Graphics debugging not supported on mixed-GPU target system.

System Configuration: GT 730 (PRIMARY display device), GTX 1080 (x2), Windows 8.1 Professional, 388.59 WHQL drivers

Despite the dinosaur GT 730 GPU being the primary (and only) display device, NSight’s graphics debugger fails to start citing “Graphics debugging is not supported on this GPU”. The only way to run the graphics debugger is to disable the non-compliant (1080) cards in the Device Manager or to physically remove them from the system so that the Kepler card is the ONLY adapter in the system.

The 1080’s are used only for CUDA compute. Having to enable/disable them just to debug the graphical elements of the application is a bit silly (actually, it is a bit silly that THREE generations of graphics cards have come to market without any support in the toolchain for graphics debugging on any of these platforms). Please fix.

Thank you.

I totally agree with you. The beast-like computational power of nVidia’s hardware is impressive, but the quality of nVidia’s software is … impressive too. It is especially true for the support of Shader Debugging in Nsight. It has been almost half a year and none of my question on Shader Debugging receives any response, not to mention a satisfactory handling. To retrospect earlier, there seemed to be a dedicated employee for Shader Debugging problems, but she only asked the asker trivial questions like what the sample is, what the driver is, etc., and then no reply any more.

The documentation is problematic too. All the graphics cards that do not work with Shader Debugging are listed in the system requirements webpage. What is more ironical is that there is a footnote saying “new NVIDIA? Nsight? Visual Studio Edition 5.3 and newer metrics may not be available on Kepler-based GPUs.” It is because of this footnote that I purchased a GeForce Gtx 1050 Ti card, only to be told later that Shader Debugging only works with Kepler. Nowhere can you find this restriction in the documentation. Equally ironical is that most problems of Shader Debugging concentrate on Nsight versions after 5.3.

As for the mixed-GPU target system, I hope the Nsight developers in nVidia could expose an option to let users choose what card to use for different type of debugging task, or even better, automatically choose the supported card.

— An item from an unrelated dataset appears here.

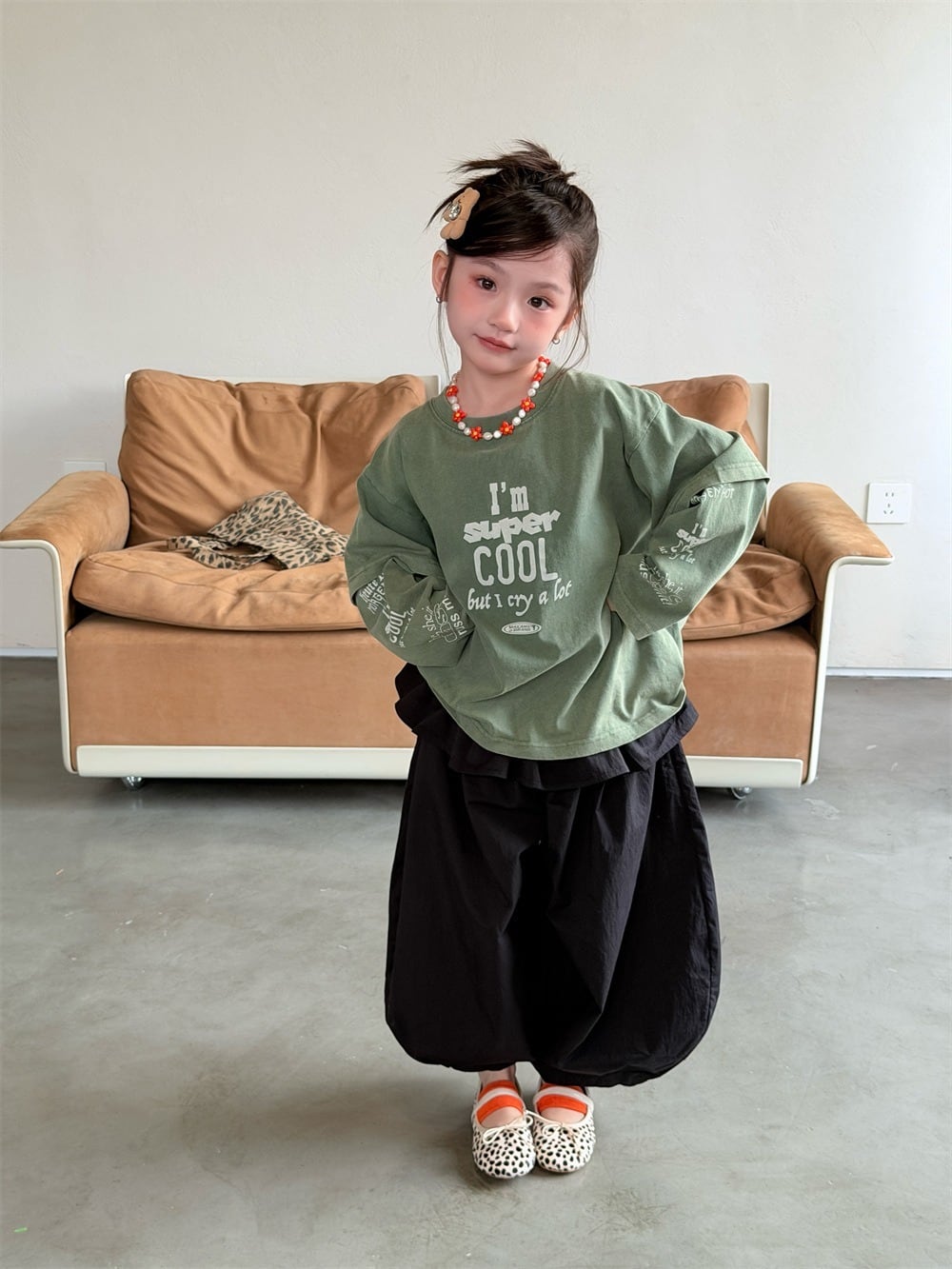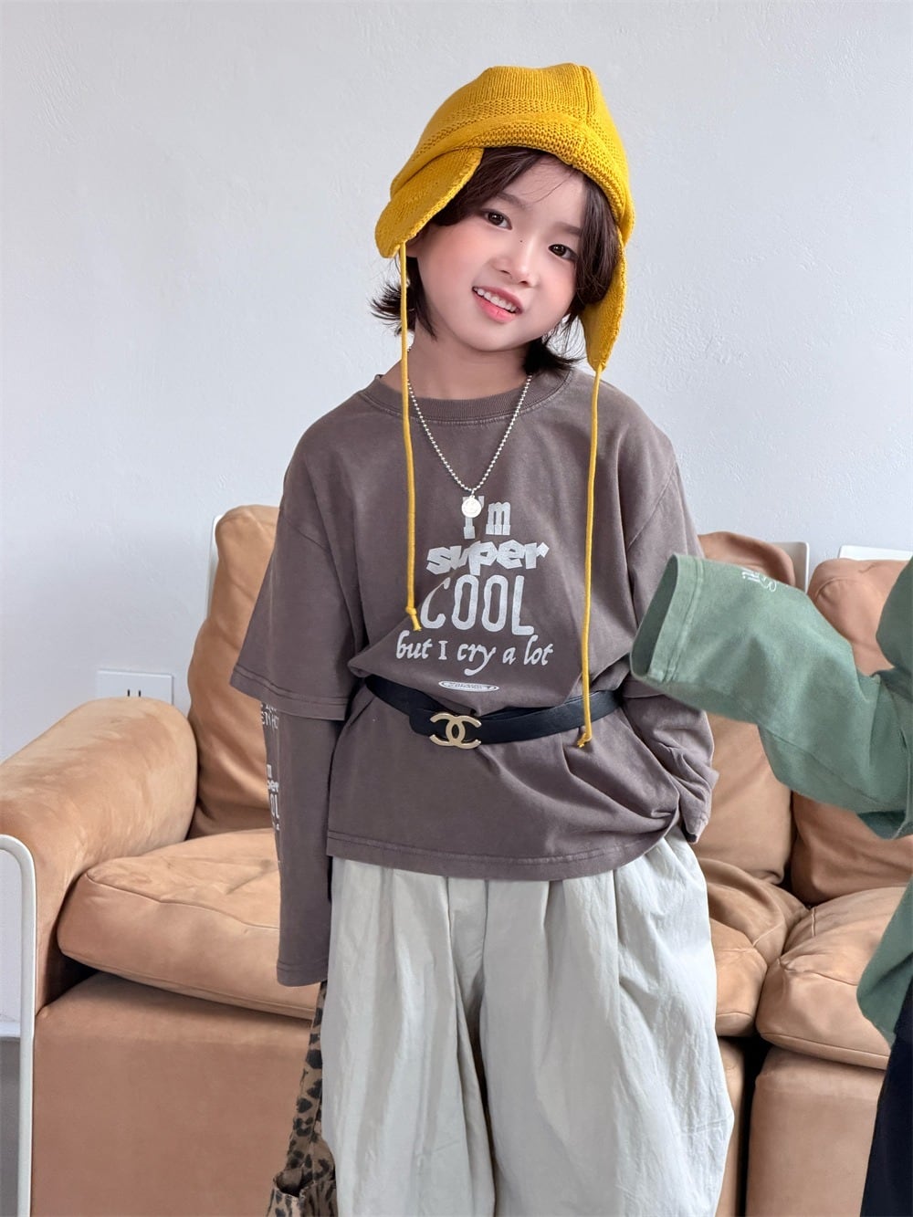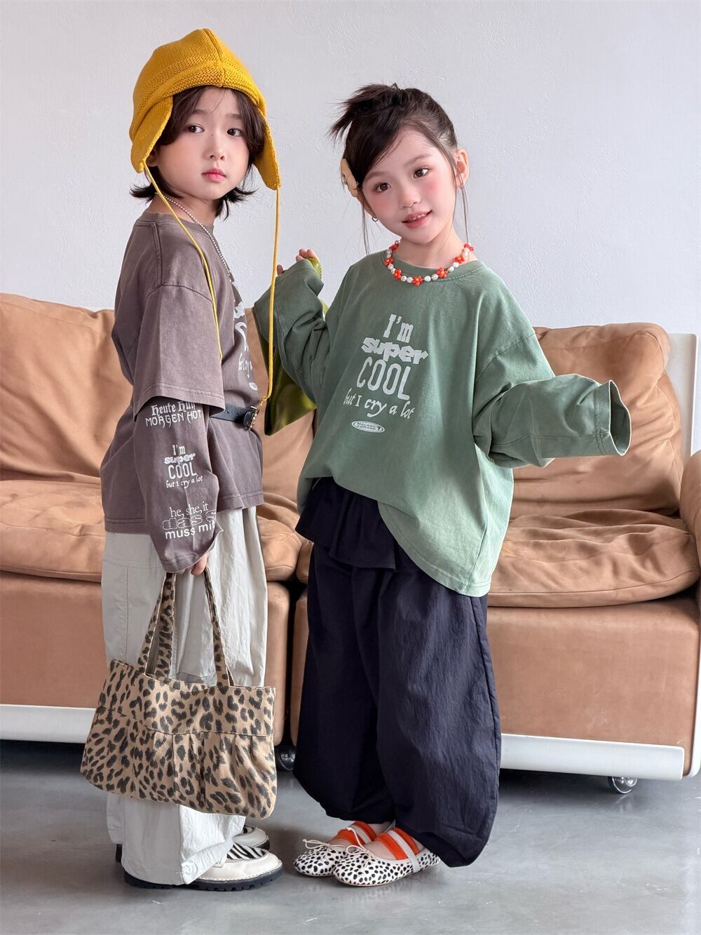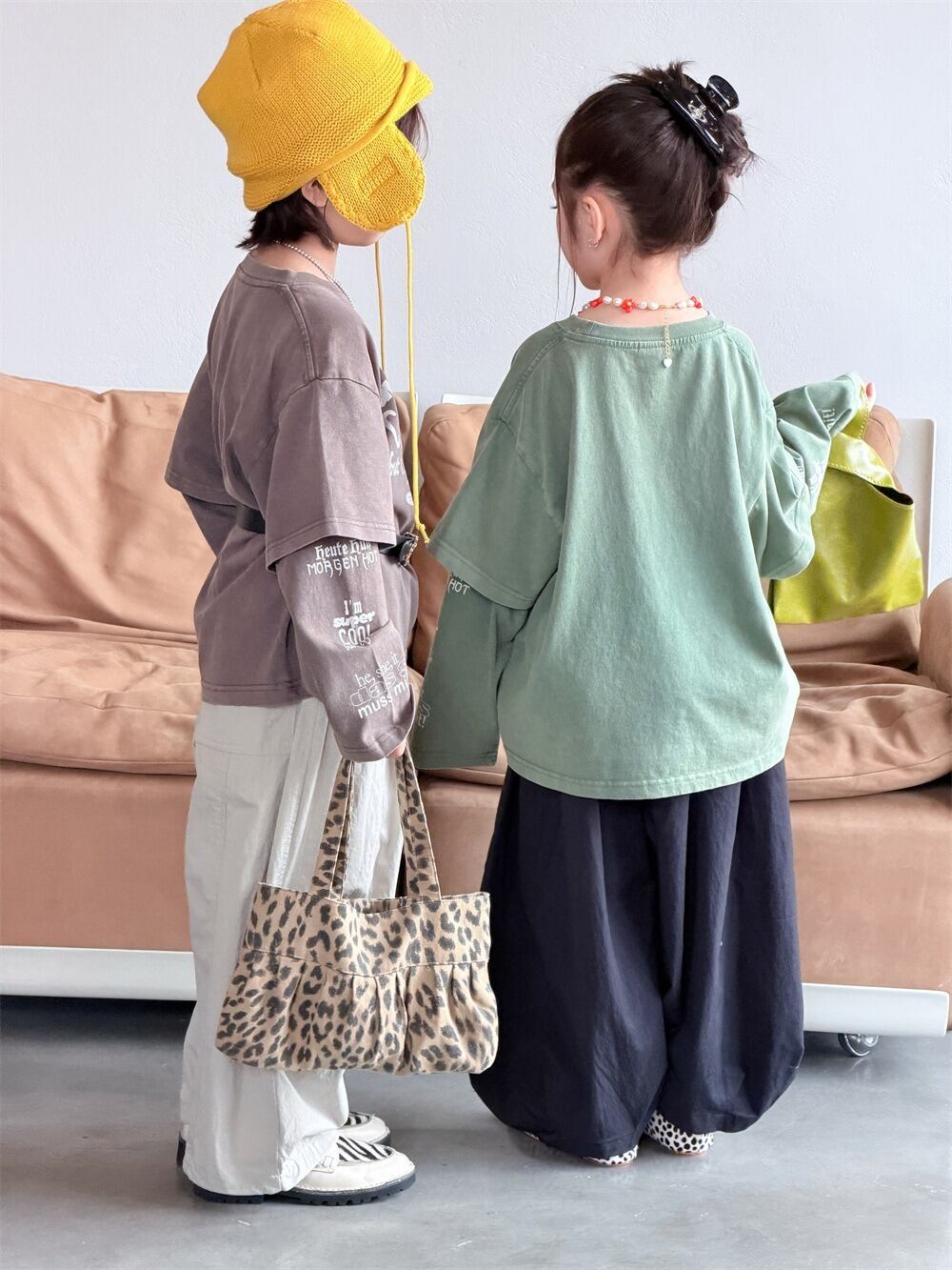 フェイクレイヤード袖プリントロングTシャツ(オリーブ/モカ)XDJK 2026春|90-150cm|トップス|ドッキングTシャツ|重ね着風 [取寄]

Hoping this request is not ignored like all my past threads.

When I upgraded all my systems to Pascal-based GPU’s, I thought I was good to go! After all, it’s only logical that the toolchain evolves with the hardware, no? Confident in my purchase, I pulled my old 780 Ti and sold it for peanuts on the dollar. Doh! If I had only known this dinosaur GPU was required for GLSL debugging I’d have held onto it for dear life! I ended up having to go out and purchase a cheap GT 730 JUST so I could debug a shader for my client. But even with this card, shader debugging capability is very very brittle. Dumb.

The last time I was debugging shaders was back in 2013. Back then I was using AMD’s gDEB toolchain and it worked swimmingly. I am nothing short of alarmed to find that in 2018, there is almost nothing out there anymore for GLSL shader debugging on modern applications running modern GPUs. Even the GLSL open-source debugger still touted on the Khronos website has been abandoned (though it is purported to work for OpenGL 2.x and 3.x apps under 32-bit Linux…yaaaay). This is one of the rare moments in time where technology has actually regressed. Fixed function pipeline apps are dead; it’s all about the programmable pipleline and that means shaders, shaders, shaders. That should be PRIORITY #1 for any graphics debugging tool.

Sad. Makes me want to embrace HLSL and Microsoft’s PIX.